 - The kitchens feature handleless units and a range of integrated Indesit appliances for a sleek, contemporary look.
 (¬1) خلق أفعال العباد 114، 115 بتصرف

--------------------------------------------------

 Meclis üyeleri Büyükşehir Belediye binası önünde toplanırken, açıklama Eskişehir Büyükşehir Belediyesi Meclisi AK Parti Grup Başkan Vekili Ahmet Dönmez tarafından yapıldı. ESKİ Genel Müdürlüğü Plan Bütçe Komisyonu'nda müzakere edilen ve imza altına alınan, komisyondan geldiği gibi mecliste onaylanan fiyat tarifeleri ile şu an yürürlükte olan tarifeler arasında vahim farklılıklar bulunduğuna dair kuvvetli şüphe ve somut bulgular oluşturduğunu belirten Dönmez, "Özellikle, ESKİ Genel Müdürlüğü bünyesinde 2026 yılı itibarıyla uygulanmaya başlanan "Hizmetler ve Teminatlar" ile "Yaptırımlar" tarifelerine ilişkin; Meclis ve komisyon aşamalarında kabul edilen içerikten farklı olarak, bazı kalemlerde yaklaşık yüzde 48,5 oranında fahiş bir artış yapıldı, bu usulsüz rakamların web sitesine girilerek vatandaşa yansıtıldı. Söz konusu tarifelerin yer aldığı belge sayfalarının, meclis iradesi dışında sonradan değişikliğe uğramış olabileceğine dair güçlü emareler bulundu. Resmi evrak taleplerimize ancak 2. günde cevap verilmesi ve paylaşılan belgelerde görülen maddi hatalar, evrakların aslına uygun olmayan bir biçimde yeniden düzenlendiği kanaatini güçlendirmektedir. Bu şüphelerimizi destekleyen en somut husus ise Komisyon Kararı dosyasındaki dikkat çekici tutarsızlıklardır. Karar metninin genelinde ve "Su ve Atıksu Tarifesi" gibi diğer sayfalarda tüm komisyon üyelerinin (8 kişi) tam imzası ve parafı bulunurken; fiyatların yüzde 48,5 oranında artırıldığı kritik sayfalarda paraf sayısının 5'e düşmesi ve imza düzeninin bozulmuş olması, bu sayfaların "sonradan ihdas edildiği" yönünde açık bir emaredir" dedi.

--------------------------------------------------

Problem: Your answer should be the lines of the listing above between the line holding "- The kitchens" and the line holding "(¬1) خلق أفعال العباد 114، 115 بتصرف", inclusive, restated word for word and alone.

Answer:
 - The kitchens feature handleless units and a range of integrated Indesit appliances for a sleek, contemporary look.
 (¬1) خلق أفعال العباد 114، 115 بتصرف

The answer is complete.